━━ Supplied information

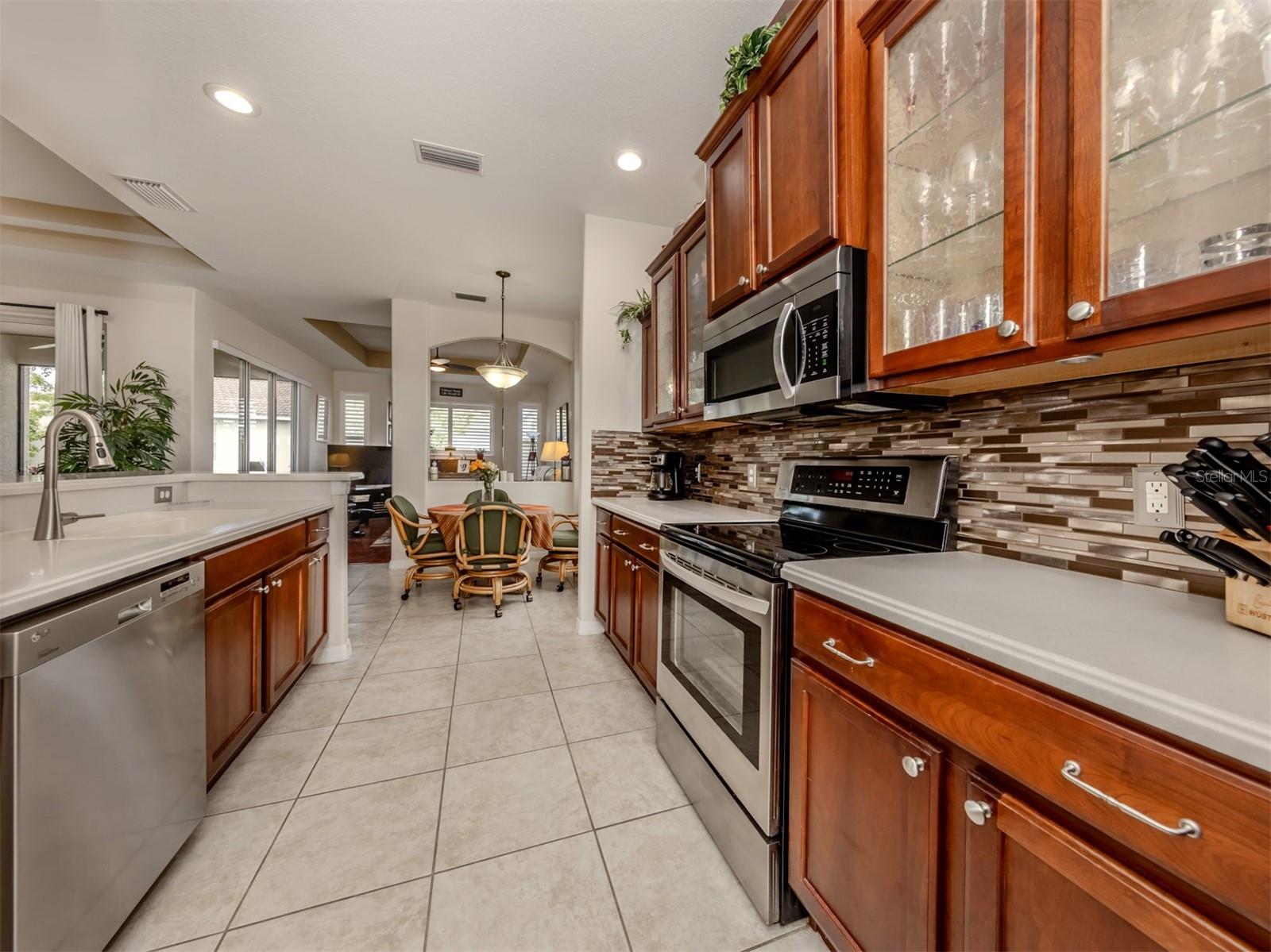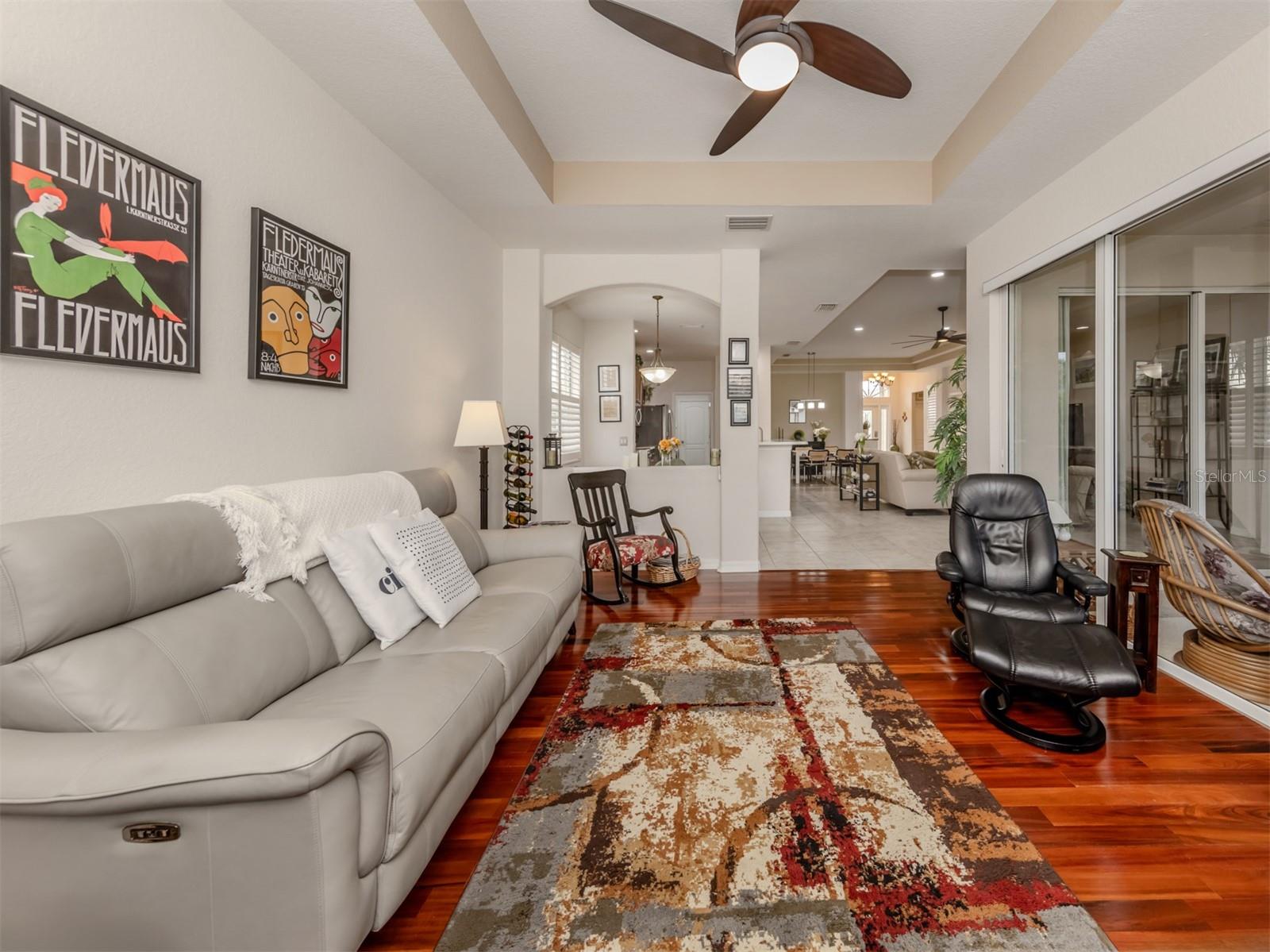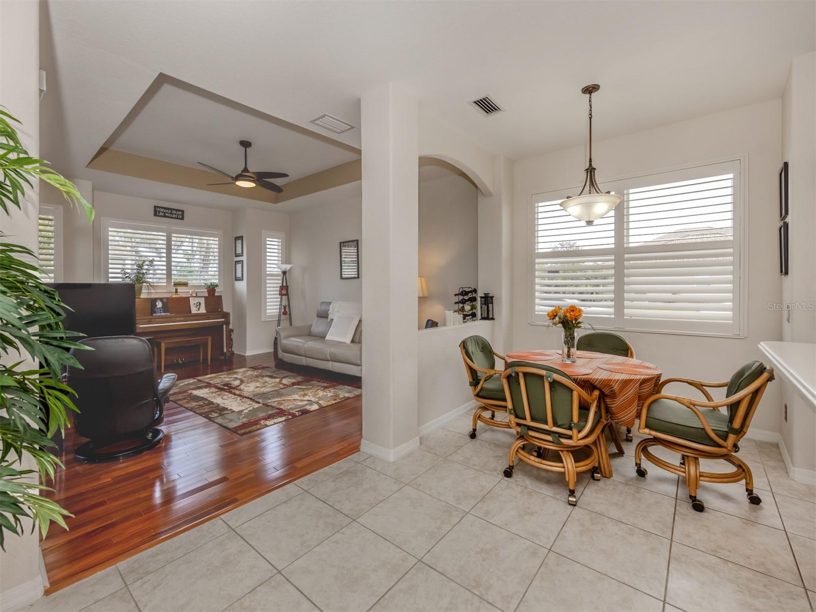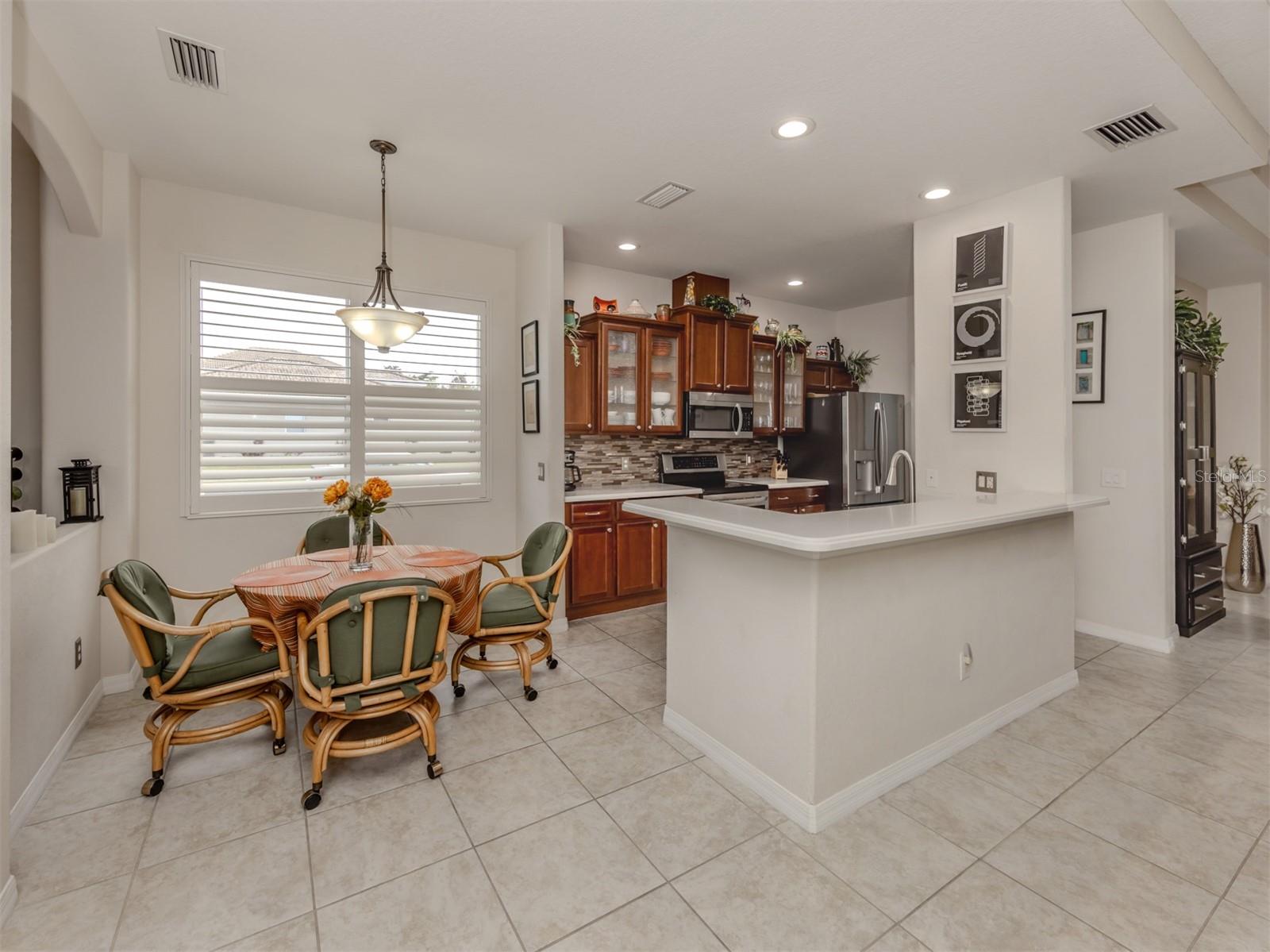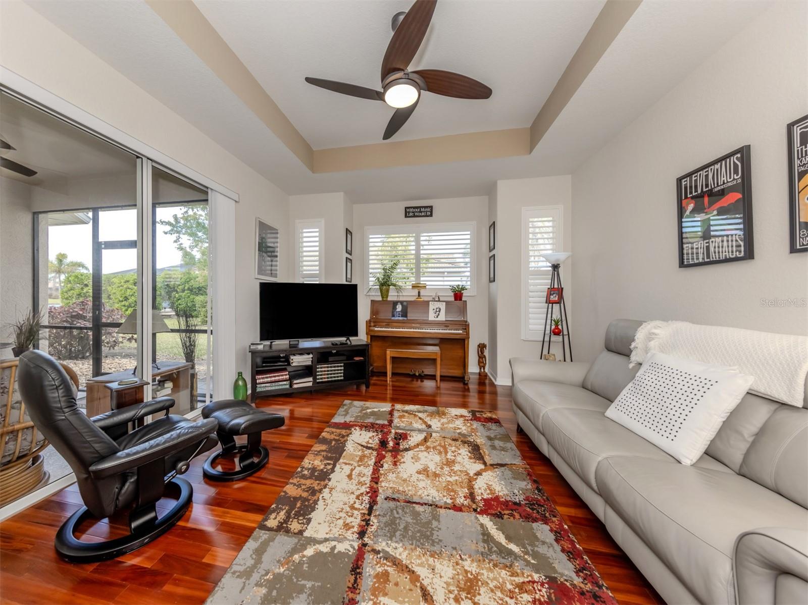 This well maintained eloquently appointed home is MOVE in ready and has FULL HURRICANE PROTECTION with NO Flood Zone! This beautifully maintained, 1,942-square-foot home that offers a blend of comfort and elegance is ideal for those who cherish indoor and outdoor living and PLENTY OF ROOM for a pool to be added or the lanai extended. The home boasts two bedrooms, a den, two baths, great room design, cafe, dining room, family room, laundry room and a two-car garage in a no-flood zone! Upgrades include 2024 irrigation distribution box, 2023 transfer switch for generator, generator, 2021 front door storm shutter, 2021 hot water heater, 2019 AC, new fans in the great room and family room, new lighting, custom plantation shutters, updated landscaping and more. As you enter, you are greeted by a charming, open and spacious floor plan filled with an abundance of natural light. The well-designed layout seamlessly connects the dining, kitchen and great room areas, creating an ideal space for entertaining family and friends. The great room is bright and includes sliding glass door access to the lanai, allowing you to extend your living space. The kitchen features solid wood cabinetry, custom bubble glass cabinetry, solid surface countertops, breakfast bar, stainless steel appliances, pantry and cafe space, making this kitchen a chef's dream. The formal dining room is just off the kitchen, making this a nice, cozy space when entertaining and serving those special meals. At the back of the home, you will find a private primary suite with a large walk-in closet, additional closet and private en-suite with solid wood cabinetry, solid surface countertops, dual sinks, walk-in shower, large garden tub and private water closet. The second additional bedroom is located on the front of the home and near the second full bath, creating a tropical oasis for guests. The den is off the great room and features a private door, allowing this space to be utilized as an office, craft room or used for overflow guests. At the rear of the home, you will find the sun-filled family room, which extends your living space and opens directly to the lanai. The ideal place to watch a movie or play a game after a day at the beach. Stoneybrook of Venice is a family-friendly community with many amenities such as a guarded gate, community center, fitness center, gathering room with kitchen, movie room, resort-style pool, hot tub, splash pool, sand volleyball, playground, ball fields, splash park and pickleball courts coming soon as monies have been allocated. Close to Interstate 75 and downtown Venice, the newly built Sarasota Memorial Hospital, shopping, dining, pristine Gulf beaches, Sarasota County's A-rated schools and Atlanta Braves spring training ballpark. ****The current Wind Mitigation is attached in MLS and shows the roof is in EXCELLENT condition!****
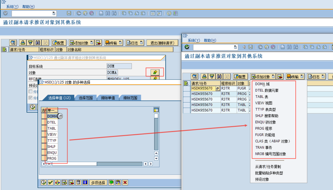 最近在做一个项目,开发了一大堆的域、数据元素、表、结构、程序、函数等。跟往常的项目开发不同的是,这个项目需要在好几套单独的SAP上线,也就是说,这些开发的内容需要部署在好几套SAP上,这几套SAP有S4、ECC和R3,但是都可以通过RFC互相连通。
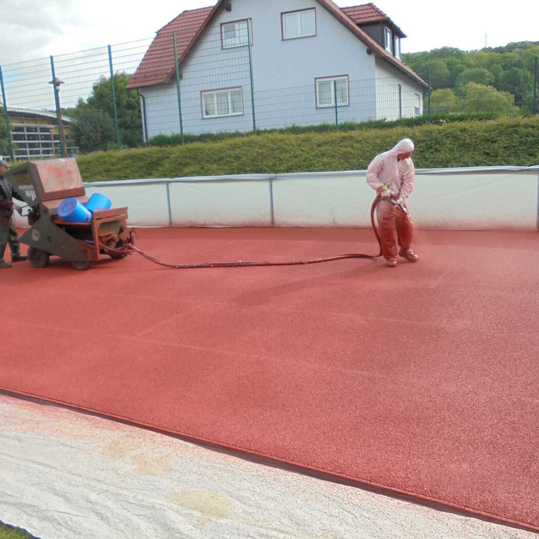 Alternativ wird eine PUR-Spritzbeschichtung mit EPDM-Granulaten aufgebracht. Anschließend wird die Oberfläche mit Linien versehen.
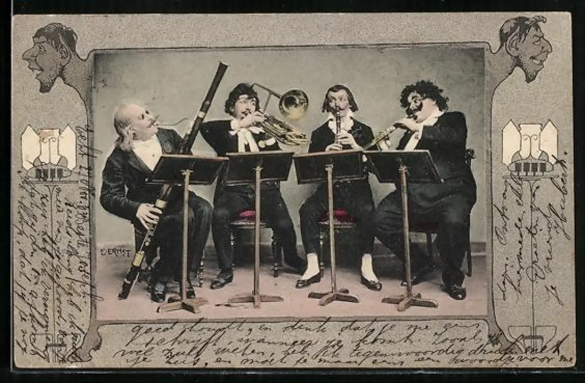 AK Vier Musiker mit Blasinstrumenten, Teufel, Passepartout

━━━━

▶ Problem description: With all pictures omitted, return the lines from the line containing "最近在做一个项目,开发了一大" through the closing line of the listing above, exactly and inclusive.

▶ Exercise result:
 最近在做一个项目,开发了一大堆的域、数据元素、表、结构、程序、函数等。跟往常的项目开发不同的是,这个项目需要在好几套单独的SAP上线,也就是说,这些开发的内容需要部署在好几套SAP上,这几套SAP有S4、ECC和R3,但是都可以通过RFC互相连通。
 Alternativ wird eine PUR-Spritzbeschichtung mit EPDM-Granulaten aufgebracht. Anschließend wird die Oberfläche mit Linien versehen.
 AK Vier Musiker mit Blasinstrumenten, Teufel, Passepartout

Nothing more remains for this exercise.